Four-character idioms are widely used in Chinese language as cheng yue (成語 pinyin cheng2 yU3; lit. formulated expressions). Cheng yue are mostly quotes from ancient literature. Many of these idioms carry meanings much more than the sum of the four characters. When students in China learn cheng yue in school, they need to study the stories behind the phrases. Often the four characters are just a hint to the moral behind those stories. For example, the phrase (破釜沉舟) literally means crack the woks and sink the boats.
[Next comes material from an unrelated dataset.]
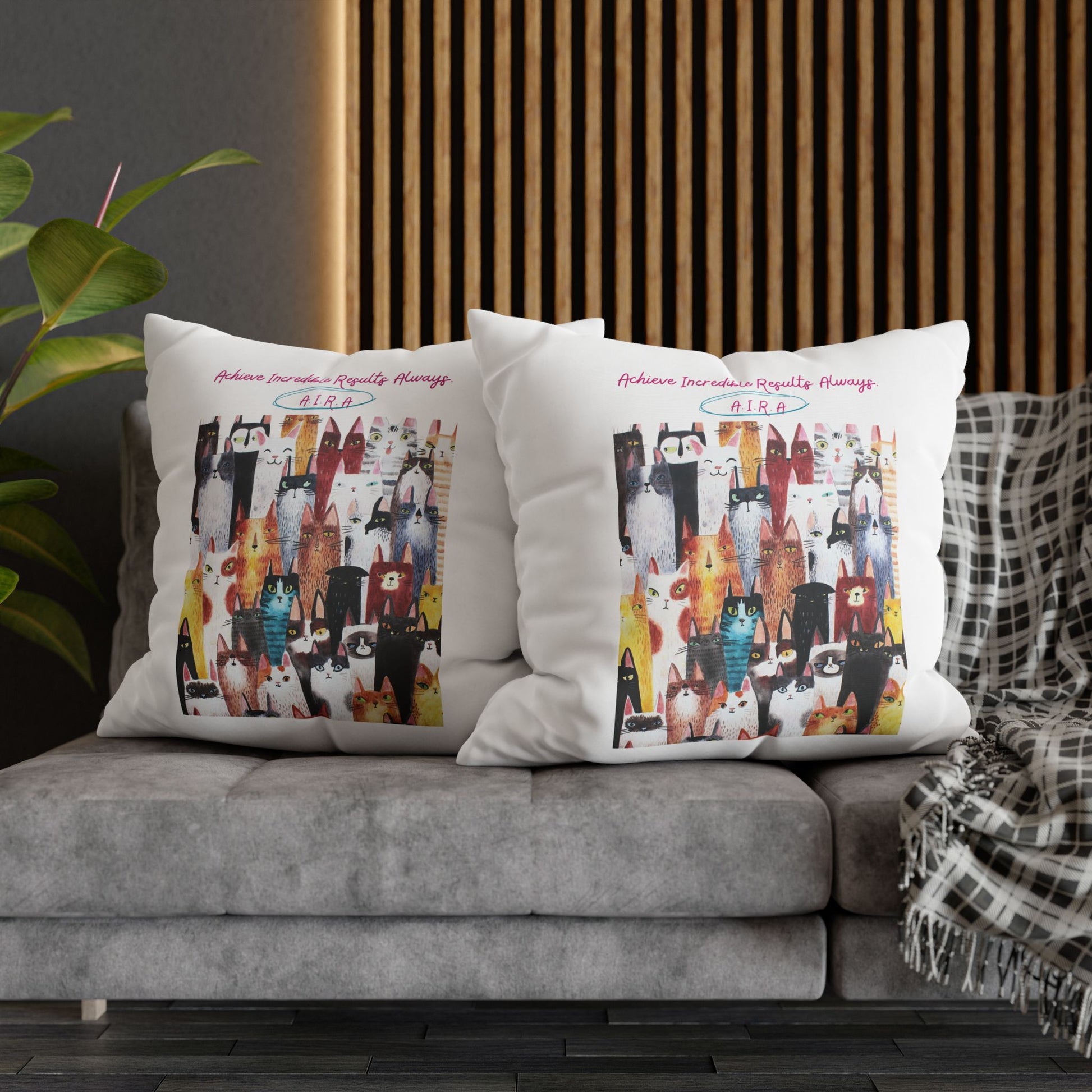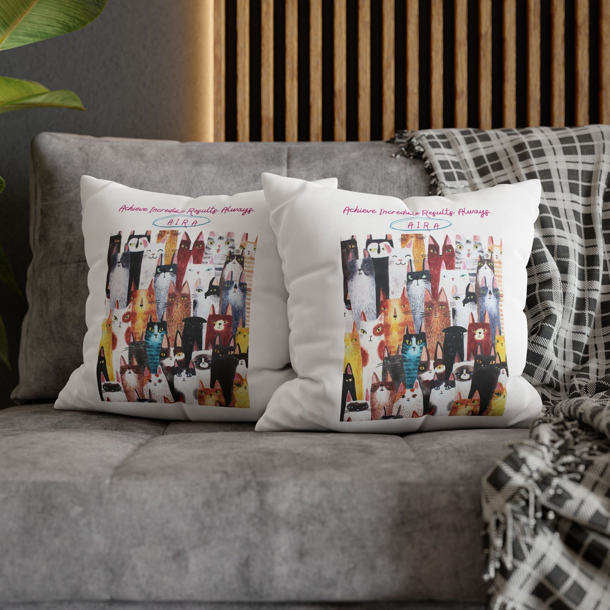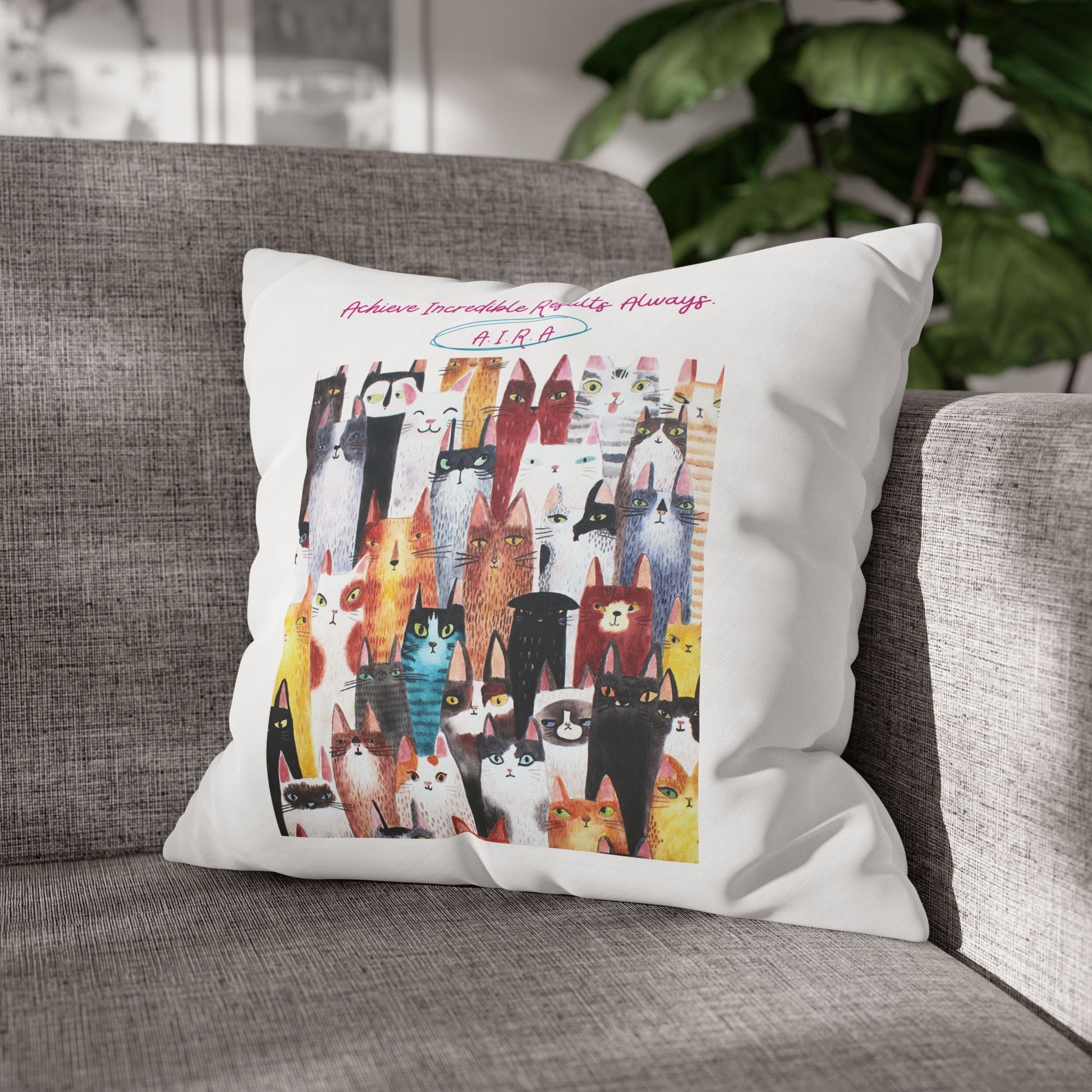 Personalized Initial Quote Cat Collage — Custom Sayings on Square Poly Canvas Pillowcase

It was based on a historical account where a general ordered his troop to destroy all cooking utensil and boats after crossing the river to the enemy territory. He won the battle because of the no-retreat policy. The phrase is used when one succeeds by burning the bridge. The idiom is never used in a losing scenario because the story behind it was not a failure.

The following three examples show that the meaning of the idiom can be totally different by only changing one character.

  • 一日千秋 (yi1 ri4 qian1 qiu1)
    • Literal: One day, a thousand autumns.
    • Usage/Moral: implies rapid changes; one day equals a thousand years

  • 一日千里 (yi1 ri4 qian1 li3)
    • Literal: One day, a thousand miles.
    • Usage/Moral: implies rapid progress; traveling a thousand miles in a day

  • 一日三秋 (yi1 ri4 san1 qiu1)
    • Literal: One day, three autumns.
    • Usage/Moral: greatly missing someone; one day feels as long as three years

In Japanese language, four-character idiom (四字 Shiji or Yoji four Chinese characters + 熟語 Jyukugo idiom) is a common technique to make a memorizable phrase or idiom. The term, 四字熟語 itself is a four-character idiom. The term is also sometimes referred as 四字成句 (Yoji + Seiku Idiom). Among idioms are:

  • 傍若無人 (bouzyaku buzin)
    • Literal: As if there is nobody beside (you).
    • Usage/Moral: One has a very high opinion of self and acts any way s/he wants.
    • Source: The Biography of Xie Shang (謝尚), Volume 79, the Chronicle of Jin.

  • 起承転結 (Kisyo tenketsu)
    • Literal: Start, Continue, Change, Conclusion
    • Usage/Moral: This is the most popular story style in Japan.